Monday, September 23, 2024

Garbage, "Version 2", why?

I generally enjoy reading the Pitchfork Review.  I enjoy the concept -- in general, it's a deep dive into an album that was underappreciated in its time.  I can also respect the use of creative license by building up an album into something greater than it was, after all, that's what hooks the reader and gets them invested in songs or artists they may not be too familiar with.  But on one hand, there's mild exaggeration and overreach to drive home a point, and on the other hand, there's this ludicrous review of Garbage's second album by Sadie Sartini Garner.  

The first few paragraphs are devoted to woefully overheated prose about the purported trailblazing greatness of Shirley Manson, falling somewhere between a publicists' cry for attention and fanfic-lite.  "Female fronted rock band" was a tired cliche by the time Garbage hit the scene, smart and engaging women leading male-dominated bands was well understood and completely accepted by all.  Manson wasn't the least bit more interesting than anyone else, she was merely more successful than most.  Let's move on, because that's the least of this article's problems.  

The article then struggled to attribute an iota of originality to Garbage.  They were one of the most derivative major bands of the 90's!  Garner even lists all the bands whose ideas they lifted, albeit in an offhandedly vague way, e.g. "Curve had already bridged the worlds of shoegaze and UK club music".  Garbage's entire act -- their sound, image, and attitude -- was a near carbon copy of Curve, and everybody who listened to Curve in the 90's knew it! 

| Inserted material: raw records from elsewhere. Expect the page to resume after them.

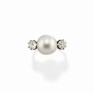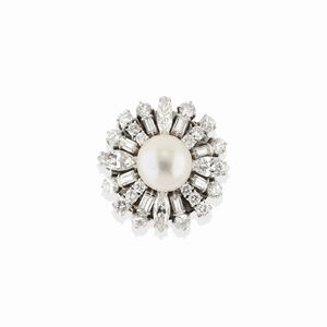 in argento e oro bassa caratura, Peso g 19,25 cm 4,80x5,20 al centro perla naturale di acqua salata, diamanti [..]
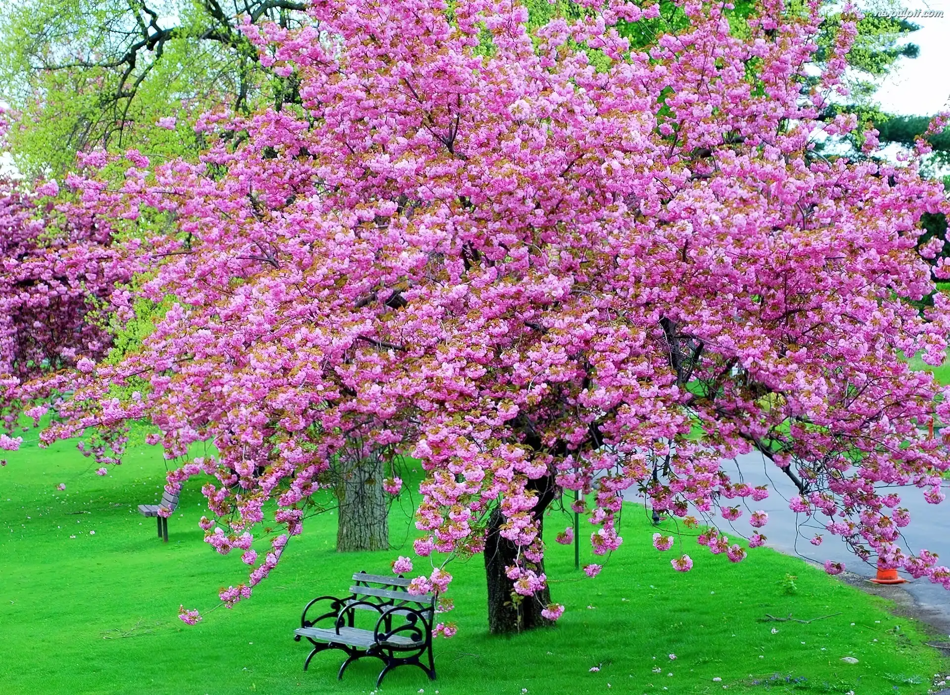 Ławka, Kwitnące, Drzewo Na Pulpit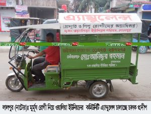সম্প্রতি লালপুর উপজেলার প্রত্যন্ত অঞ্চলের মুর্মূষ রোগীদের ৫০ টাকার বিনিয়ে দ্রুত সেবা প্রদান ও উপজেলা স্বাস্থ্য কমপ্লেক্সে পৌছে দেওয়ার লক্ষে ২০১৫-১৬অর্থ বছরের দ্বিতীয় লোকাল গভর্ন্যান্স সাপোর্ট প্রজেক্ট (এলজিএসপি-২) প্রকল্পের অর্থায়নে প্রতিটি অ্যাম্বুলেন্সে ২লাখ ১০হাজার টাকা ব্যয় করে রিচার্জেবল ইজিবাইক দিয়ে রোগী বহনের উপযোগী করে তৈরী এসব অ্যাম্বুলেন্স নাটোরের লালপুর উপজেলার ১০ ইউনিয়নের ১ টি করে কমিউনিটি অ্যাম্বুলেন্স ও চালককে মোবাইল ফোন প্রদান করা হয়। যা ইতিমধ্যে জনগনে ব্যাপক সারা জাগিয়েছে।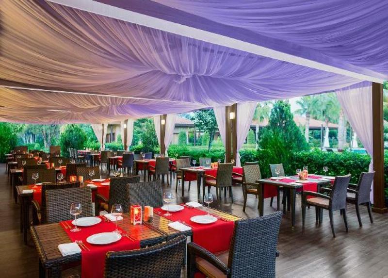 Samoposluživanje – izbor više jela prema hotelskim pravilima u glavnom restoranu: doručak, kasni doručak, ručak, večera i ponoćni obroci, lokalna alkoholna i bezalkoholna pića, pecivo, turske palačinke u raznim delovima hotela u različito doba dana.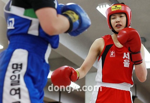 탤런트 이시영이 6일 오후 서울시 송파구 한국체대에서 열린 ‘서울시 복싱대표선발전’에서 상대 선수에게 펀치를 날리고 있다. 이시영은 지난 전국여자신인 아마추어 복싱 선수권대회 48Kg 정상에 오르며 수준급 실력을 과시했다.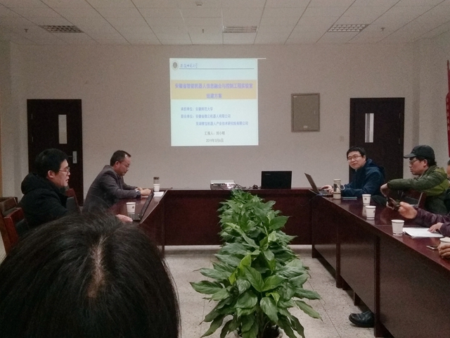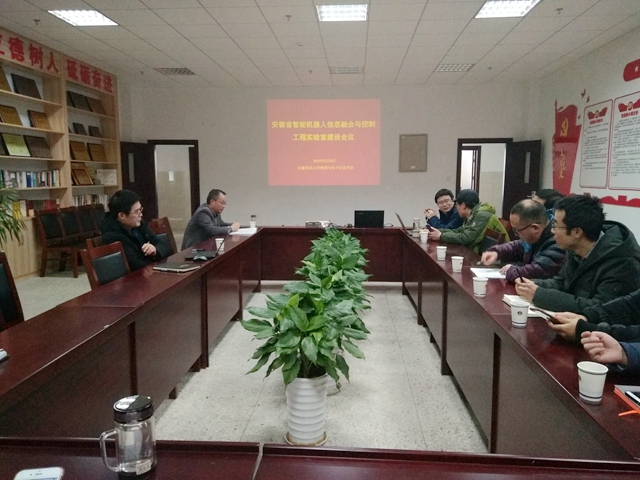 1111会议伊始,郑贤锋首先对工程实验室的获批表示热烈祝贺,并强调了安徽省智能机器人信息融合与控制工程实验室建设之初做好实验室的机构设置和职责分配的重要性。随后,工程实验室主任刘小明教授分别从实验室的建设背景、团队情况、现有的研发条件和能力、未来发展的目标与思路、实验室建设的主要任务以及如何实现工程实验室的工程化和产业化等5个方面对实验室的组建方案做了详细的汇报。期间,与会的各位老师分别就工程实验室的建设和发展积极发言,献计献策。在各位老师和领导讨论之后,推选张爱清教授、郑睿副教授、卢自宝副教授为研究方向带头人,甘露老师为工程实验室秘书。

Then there's this howler, "No band did more to shape the techno-utopian vibes of Y2K than Garbage did with Version 2.0."  Even by the logic presented in this article, that sentence is nonsensical.  The final two paragraphs are about Garbage's rapid descent into irrelevance just two years later.  They shaped the future, but when the future arrived (a whopping 24 months later?!) they were unwelcome in it?  Garner tries to write a weepy ending by blaming other bands for overtaking Garbage and stealing the future out from under their noses.  No, Garbage were copycatting poseurs who sold millions of CDs by successfully marketing the ideas of other, better bands, and when their narrow window of commercial opportunity closed, they were done.  They were overtaken by fresher, hungrier bands that sounded different than them.  Everyone got what they deserved.  As for the "techno-utopian Y2K" vibes, it's almost as if dance-rock hybrids with a dash of end of the millennium uncertainty wasn't being peddled by ... just about every rock band that dabbled in electronica from 1997 onward.